----- Excerpted records -----
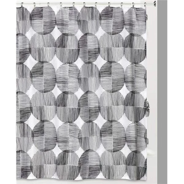 Metro Circles Modern geometric Shower Curtain composed of hand drawn lines and circles printed on poly /cotton FeaturesIncludes one Shower CurtainMade of 100 Percent CottonMachine WashShower Curtain liner recommededSpecificationsMaterial: CottonColor: White. BlackWidth: 72 in.Length: 72 in.Weight: 2.72 lbs
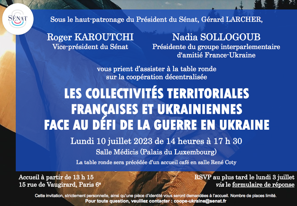 Monsieur Roger Karoutchi, Vice-président du Sénat, et Mme Nadia Sollogoub, Présidente du groupe interparlementaire d’amitié France-Ukraine, vous invitent à assister à la table ronde sur la coopération décentralisée qui se déroulera au Sénat, sous le haut-patronage de son Président, Monsieur Gérard Larcher, sur le thème : « Les collectivités territoriales françaises et ukrainiennes face au défi de la guerre en Ukraine ».
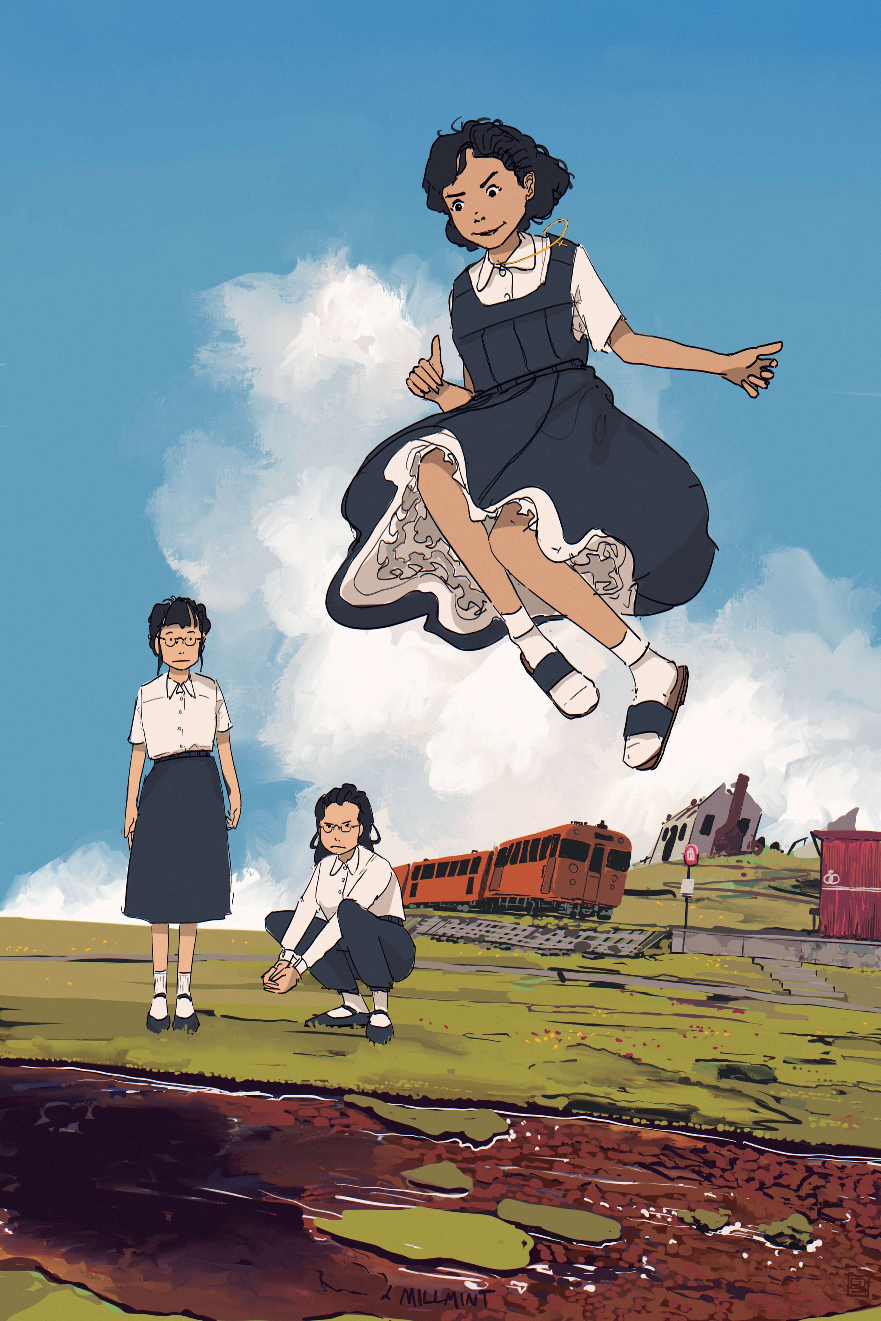 The mosses here are thick and dewey, and Tzipora’s house sandals did nothing to keep her out of them. With her feet soaked and her school bag on the station platform, she dared Cobian and Zhi to leap the tannin river. Local myth was that it was good luck, but she’d have jumped it anyway.
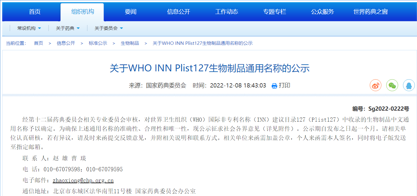 關(guān)于WHO INN Plist127生物制品通用名稱的公示
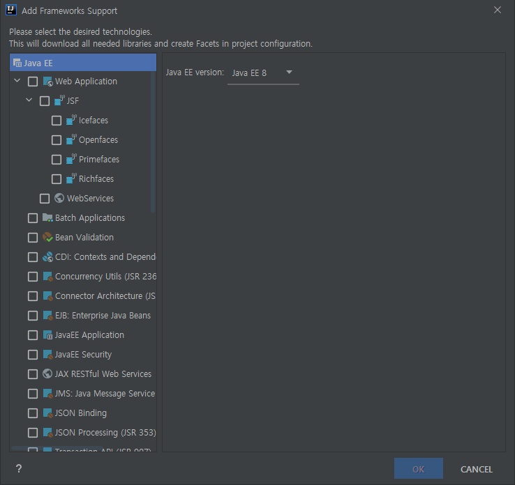 Java EE version이 아래 사진처럼 Java EE 8로 되어있어야 합니다.
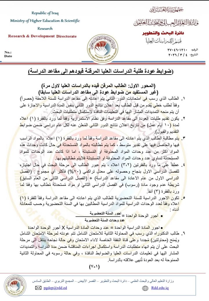 أدناه ضوابط عودة طلبة الدراسات العليا المرقنة قيودهم إلى مقاعد الدراسة
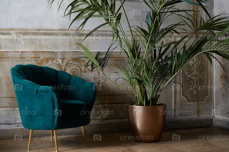 Зеленое кресло рядом с большим цветком. Интерьер загородного дома. Концепция простого проживания. Уютная квартира со старой модной мебелью и ретро-дизайном в комнате
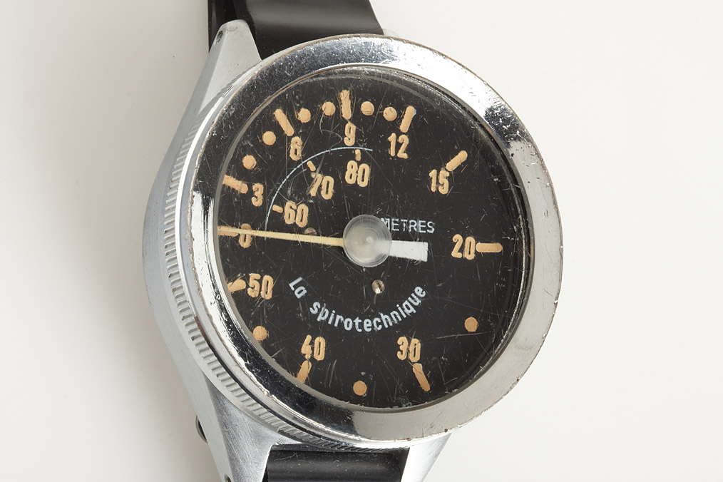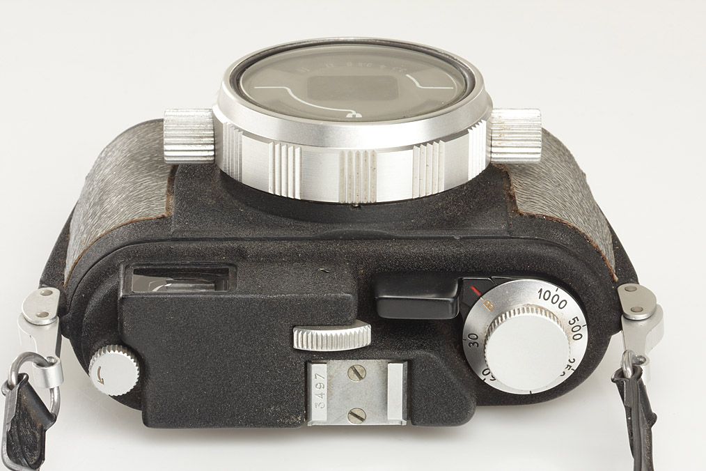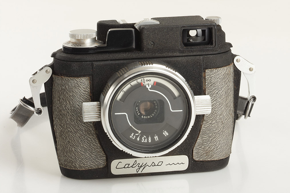 early underwater camera (forerunner of the Nikonos), first type with grey plastic imitation sealskin (1/30-1000 sec.) in fantastic original condition and perfect working order, Som Berthiot 3.5/35mm, strap, original gaskets, instruction book, original makers box - rare in such good condition, with original La Spirotechnique bathometer
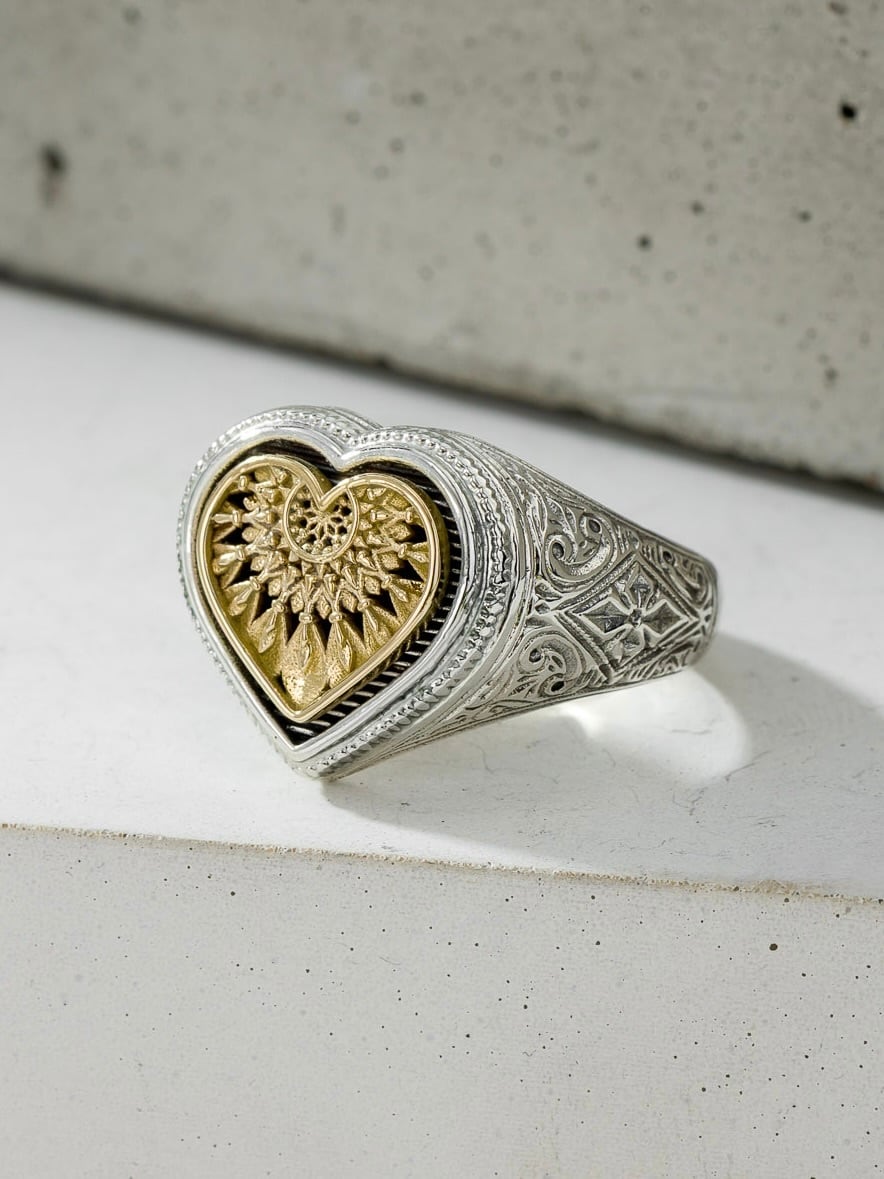 Gerochristo|ジェロクリスト シルバーと18Kゴールド製のリング。 ギリシアに拠点を置くジェロクリストは、古典芸術様式であるビザンチンに影響を受けた伝統的な装飾技術を用い、クラシックとモダンが調和する独自のデザインでジュエリーを創り上げています。 ギリシア製 シルバー925|18Kゴールド サイズ|JP 15 アイテムナンバー|GR138
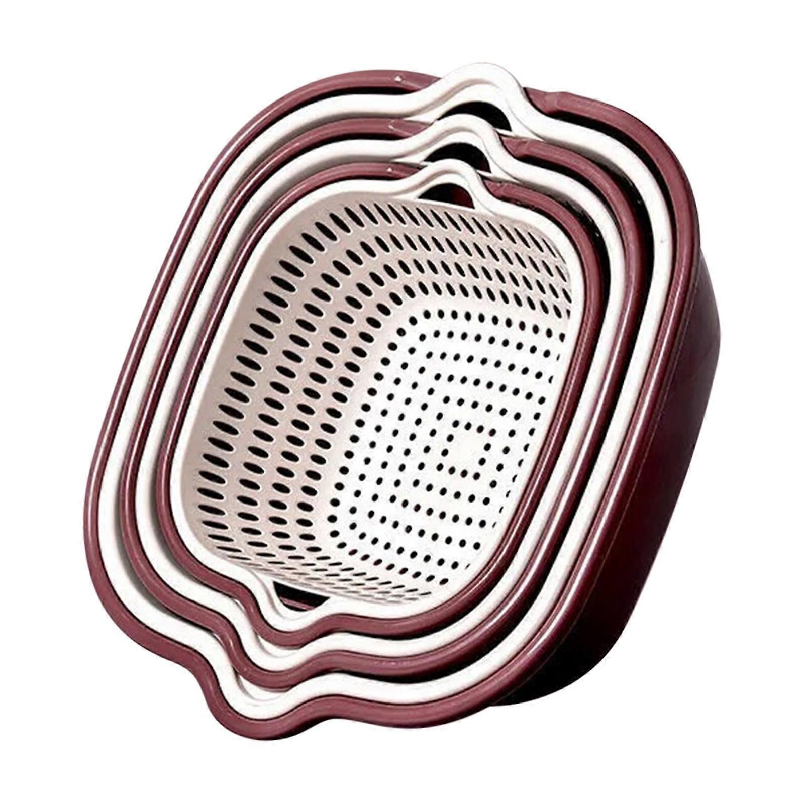 Large Kitchen Strainer Colander Bowl Set, Thickened Double-layer Basket, 6-Piece Plastic Vegetable Washing Basket Compatible with Fruit & Veg Storage
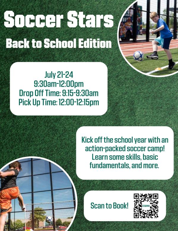 Kick off the school year with an action-packed soccer camp! Learn some skills, basic fundamentals, and more.
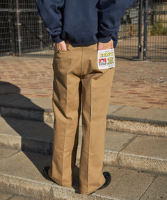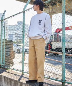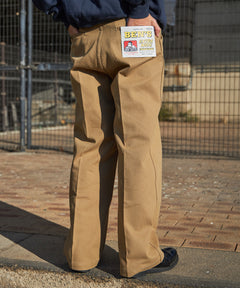 ベンデイビスから象徴的なアイテムの極太ワイドシルエットの「ゴリラカットパンツ」を起点に日本人の体系でも履きやすいようにパターンを調節したエクストラワイドパンツが再登場!厚手で耐久性に優れながら体に馴染みやすく経年変化もポリコットンとは違った風合いが楽しめるコットン100%のヘビーなカツラギを使用。履き始めはセンタープレスが際立ちますが、徐々にワイドストレートっぽいシルエットに馴染んできます。センタープレスではないので、アイロンでセンタークリースの折り目を伸ばして履くのがおすすめ。全体的に扱いやすい雰囲気に作り上げていて、トレンドのサイジングに仕上げており旬なスタイリングも楽しめ、ストリート系や古着系コーデにも非常に合います。ザ・ベーシックなブラック、チャコール、アイボリー、ブラウン、ベージュ、ネイビーカラーの6色展開。
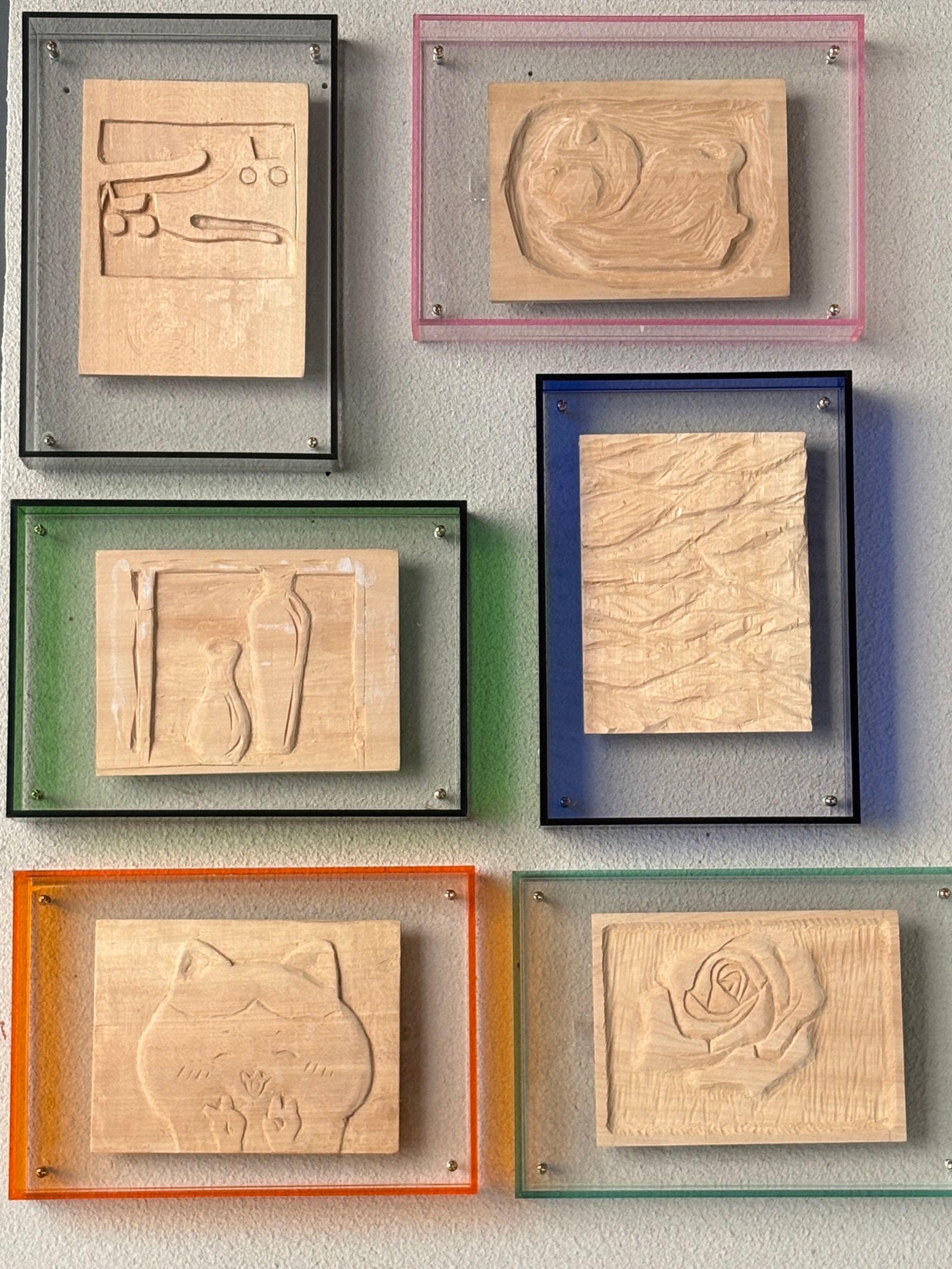 本学期课程以每月两次的节奏展开,从基础雕刻技法入手,逐步引导学员实现从装饰艺术到生活美学的跨越。初期以小型装饰画为切入点,学员在斜刀与木纹的对话中,掌握线条勾勒与纹理处理;中期课程转向实用性物品创作,如木制摆件、勺子等,学员的作品逐渐兼具审美与实用价值。一学期下来,学员从生疏到娴熟,最终呈现的作品不仅记录了个人的成长,更见证了传统技艺的薪火相传。
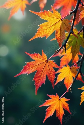 Frosty maple branches with vibrant autumn colors, green, maple, orange
-----
Task: Copy out the whole listing exactly. Skip its pictures.

Answer box:
 Metro Circles Modern geometric Shower Curtain composed of hand drawn lines and circles printed on poly /cotton FeaturesIncludes one Shower CurtainMade of 100 Percent CottonMachine WashShower Curtain liner recommededSpecificationsMaterial: CottonColor: White. BlackWidth: 72 in.Length: 72 in.Weight: 2.72 lbs
 Monsieur Roger Karoutchi, Vice-président du Sénat, et Mme Nadia Sollogoub, Présidente du groupe interparlementaire d’amitié France-Ukraine, vous invitent à assister à la table ronde sur la coopération décentralisée qui se déroulera au Sénat, sous le haut-patronage de son Président, Monsieur Gérard Larcher, sur le thème : « Les collectivités territoriales françaises et ukrainiennes face au défi de la guerre en Ukraine ».
 The mosses here are thick and dewey, and Tzipora’s house sandals did nothing to keep her out of them. With her feet soaked and her school bag on the station platform, she dared Cobian and Zhi to leap the tannin river. Local myth was that it was good luck, but she’d have jumped it anyway.
 關(guān)于WHO INN Plist127生物制品通用名稱的公示
 Java EE version이 아래 사진처럼 Java EE 8로 되어있어야 합니다.
 أدناه ضوابط عودة طلبة الدراسات العليا المرقنة قيودهم إلى مقاعد الدراسة
 Зеленое кресло рядом с большим цветком. Интерьер загородного дома. Концепция простого проживания. Уютная квартира со старой модной мебелью и ретро-дизайном в комнате
 early underwater camera (forerunner of the Nikonos), first type with grey plastic imitation sealskin (1/30-1000 sec.) in fantastic original condition and perfect working order, Som Berthiot 3.5/35mm, strap, original gaskets, instruction book, original makers box - rare in such good condition, with original La Spirotechnique bathometer
 Gerochristo|ジェロクリスト シルバーと18Kゴールド製のリング。 ギリシアに拠点を置くジェロクリストは、古典芸術様式であるビザンチンに影響を受けた伝統的な装飾技術を用い、クラシックとモダンが調和する独自のデザインでジュエリーを創り上げています。 ギリシア製 シルバー925|18Kゴールド サイズ|JP 15 アイテムナンバー|GR138
 Large Kitchen Strainer Colander Bowl Set, Thickened Double-layer Basket, 6-Piece Plastic Vegetable Washing Basket Compatible with Fruit & Veg Storage
 Kick off the school year with an action-packed soccer camp! Learn some skills, basic fundamentals, and more.
 ベンデイビスから象徴的なアイテムの極太ワイドシルエットの「ゴリラカットパンツ」を起点に日本人の体系でも履きやすいようにパターンを調節したエクストラワイドパンツが再登場!厚手で耐久性に優れながら体に馴染みやすく経年変化もポリコットンとは違った風合いが楽しめるコットン100%のヘビーなカツラギを使用。履き始めはセンタープレスが際立ちますが、徐々にワイドストレートっぽいシルエットに馴染んできます。センタープレスではないので、アイロンでセンタークリースの折り目を伸ばして履くのがおすすめ。全体的に扱いやすい雰囲気に作り上げていて、トレンドのサイジングに仕上げており旬なスタイリングも楽しめ、ストリート系や古着系コーデにも非常に合います。ザ・ベーシックなブラック、チャコール、アイボリー、ブラウン、ベージュ、ネイビーカラーの6色展開。
 本学期课程以每月两次的节奏展开,从基础雕刻技法入手,逐步引导学员实现从装饰艺术到生活美学的跨越。初期以小型装饰画为切入点,学员在斜刀与木纹的对话中,掌握线条勾勒与纹理处理;中期课程转向实用性物品创作,如木制摆件、勺子等,学员的作品逐渐兼具审美与实用价值。一学期下来,学员从生疏到娴熟,最终呈现的作品不仅记录了个人的成长,更见证了传统技艺的薪火相传。
 Frosty maple branches with vibrant autumn colors, green, maple, orange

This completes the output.